But you have linked to a paywalled article. Much of the academic literature on critical theory and critical discourse analysis is paywalled. This approach favors a select few - predominantly academics at institutions with sufficient library budgets to afford the subscription fees - who dispense supposed wisdom from their privileged and structurally protected position as guardians of academic progress.

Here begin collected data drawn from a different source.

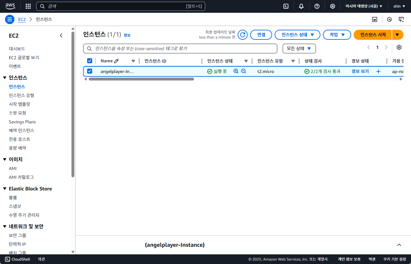 다시 EC2 대시보드로 돌아가, 인스턴스 - 인스턴스로 이동합니다.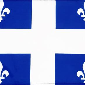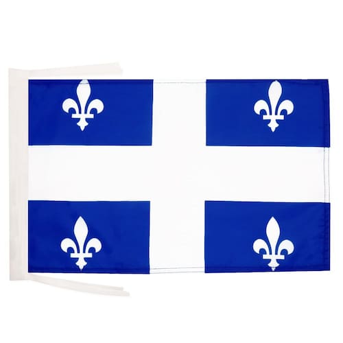 Banner bandera AZ FLAG de Quebec de 45 x 30 cm (18'' x 12'') con cuerdas - Canadá - región canadiense de Quebec, banderas pequeñas 30 x 45 cm - Banner 18x12 in - Terminación: Costuras y bordes reforzados - Colgado: Cuerdas 301 – abertura superior e inferior - Material: Poliéster 100D - Uso: Interior y exterior moderado - Empaque: bolsa de polietileno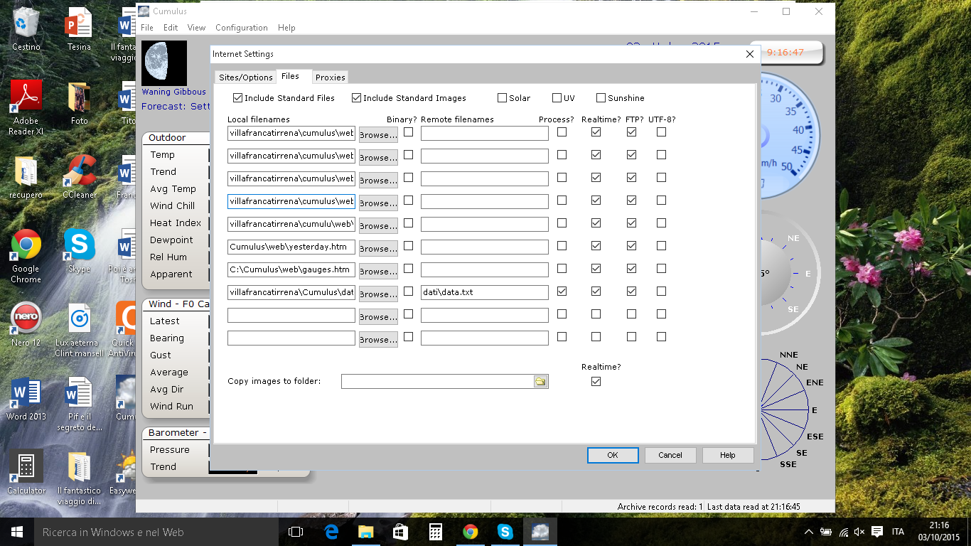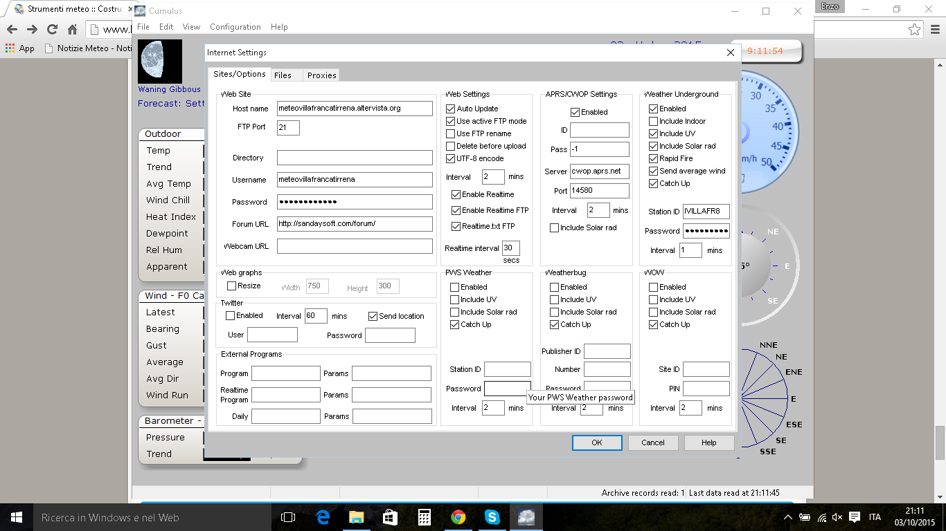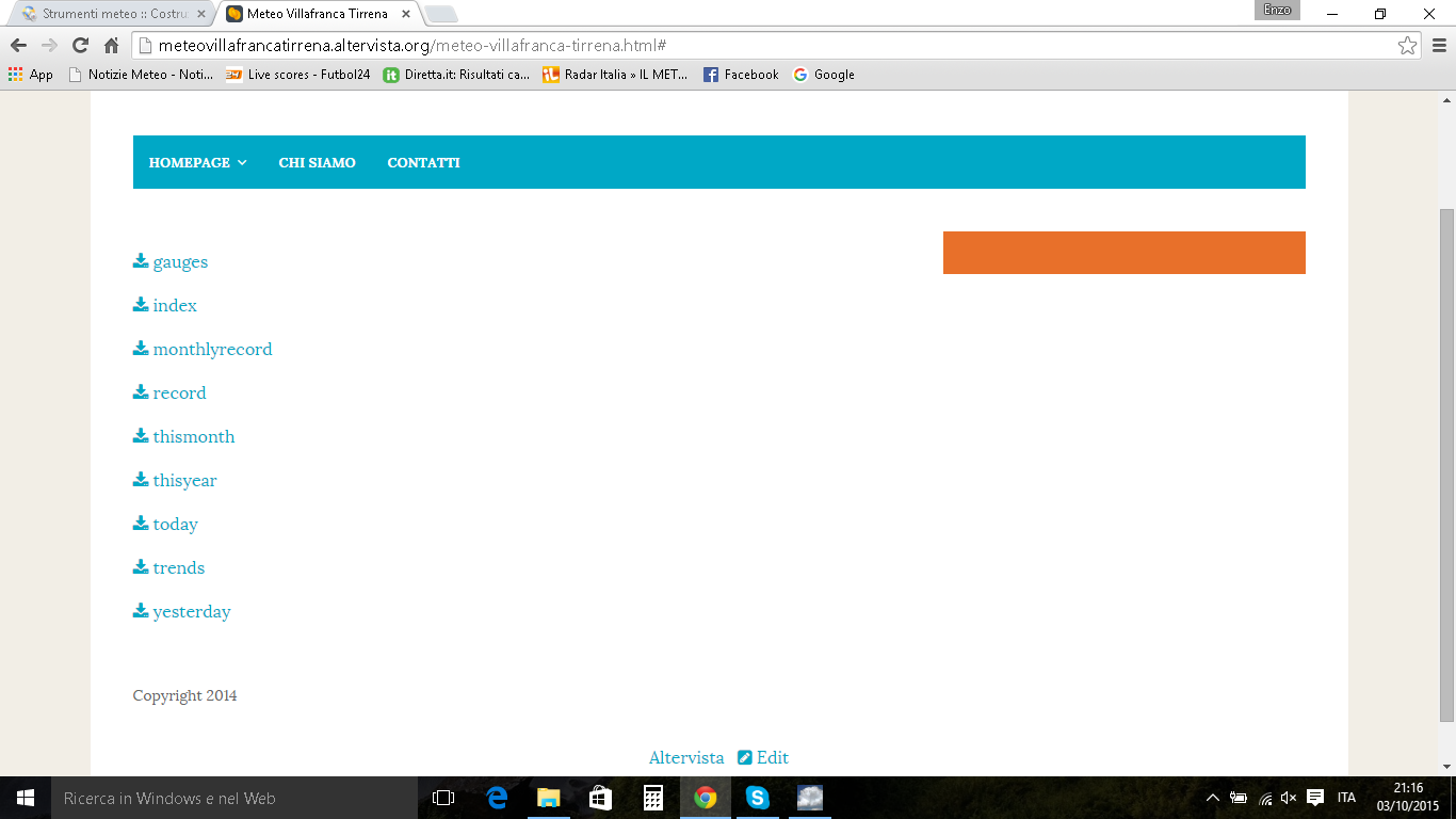 Cia a tutti, ho costruito lo schermo solare per la mia pce e sta già svolgendo il suo lavoro. Prima di inviare il modulo di richiesta per la messa online su lineameteo, mi manca un ultimo passaggio: il sito web. L' ho creato tramite altervista, ho inviato i dati tramite cumulus correttamente, ma non compare niente nella pagina che resta bianca, come se fosse vuota. Spero che qualcuno possa aiutarmi, visto che sono vicino alla meta. Grazie in anticipo.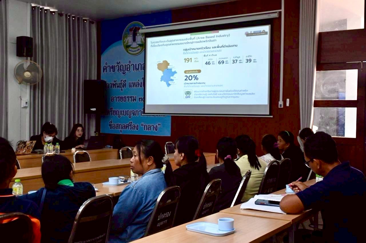 ภายในงานมีการแลกเปลี่ยน "แนวทางการเชื่อมโยงการผลิตพริกจินดากับอุตสาหกรรม" โดยได้รับเกียรติจาก คุณทวีป จีนะ จากสำนักงานจัดซื้อกลาง CPF มาร่วมให้ข้อมูลเชิงลึกด้านมาตรฐานสินค้าและกระบวนการรับซื้อ เพื่อเตรียมความพร้อมให้กับตัวแทนเกษตรกรในพื้นที่เป้าหมาย 2 อำเภอ 4 ตำบลหลัก ได้แก่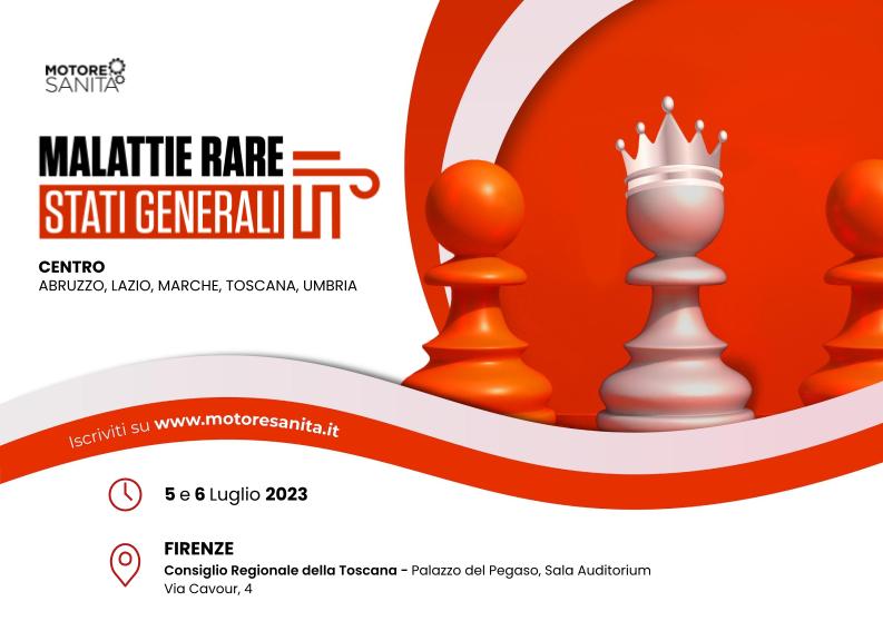 Al via agli “STATI GENERALI SULLE MALATTIE RARE – FOCUS CENTRO ITALIA: ABRUZZO, LAZIO, MARCHE, TOSCANA, UMBRIA”, promosso da Motore Sanità. Due giorni di lavoro, il 5 e il 6 luglio, a Firenze, presso il Consiglio Regionale della Toscana, con il patrocinio di Cittadinanzattiva, io Raro Associazione per la prevenzione e la cura dei tumori e malattie rare, Uniamo Federazione Italiana Malattie Rare e FNO TSRM e PSTRP.
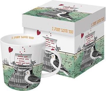 Kubek porcelanowych o pojemności 350 ml, zdobiony motywem mewy i starej maszyny do pisania i stylizowanym napisem: I Just Love You. Wykonany z porcelany charakteryzującej się wyjątkową elegancją i wytrzymałością. Poręczne ucho gwarantuje stabilny uchwyt podczas picia. Zapakowany w ozdobne pudełko, …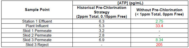 According to these results, it is clear that the cleaning cycle did an excellent job to clean the fouled membranes. The product water quality is now in the acceptable range (< 10pg/mL) and therefore carries a lower risk for microbial proliferation downstream assuming that an acceptable disinfectant residual is maintained. It was now clear that a certain degree of disinfection was necessary to minimize fouling of the pre-filters and membranes in the plant, so after the cleaning process, the following changes were instituted to the operating procedure: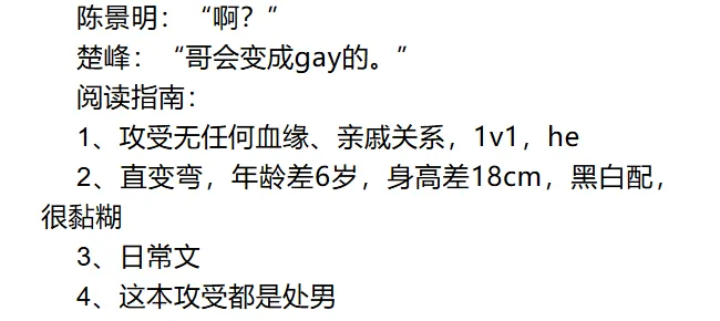 因为攻是养牛的,认识的人叫他老牛,牛哥完全牛塑,管受就叫小牛哈哈。他们的朋友也非常好,聚在一起就跟比格一样werwer的,把攻吵得够呛,攻在里面像是完全差辈了,像所有人都大哥哥一样。他把受的朋友也当妹妹那一段很温馨,大家相处起来又有家人的温馨又有友谊的要宝,看得我也一直在笑,一定要配合段评使用,大家都非常有梗。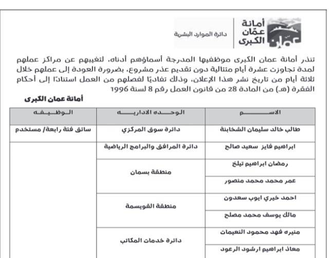 أنذرت أمانة عمان الكبرى اليوم الأحد 18 موظفا بسبب تغيبهم عن مراكز عملهم لمدة تزيد عن عشرة أيام متتالية دون تقديم عذر مشروع.

By embracing this increasingly outmoded model - in contrast to the life sciences which have moved rapidly towards prepublication and open access journals - critical theory researchers hypocritically demonstrate that while they may purport to gain a deeper understanding of power structures and inequity, they are perfectly happy to blindly embrace a system that exalts their status. The pretense of meaningful deconstruction providing missing epistemic value serves as a foil to those who would deem the endeavor misguided, and the shelter afforded by specialized and inaccessible journals discourages critical evaluation of the accuracy of any significant results or of the fundamental tenets of the endeavor. This dual shielding perpetuates their presumed hegemony over all other academic fields: possessed of both noble goals and rare insights, where others wallow in bias while pretending to objectivity.
Indeed, it seems that the study of critical theory has become what it seeks to surpass, and even if it were to acknowledge its own limitations, its tenets prevent it from accepting a superior source of knowledge and accuracy.
No?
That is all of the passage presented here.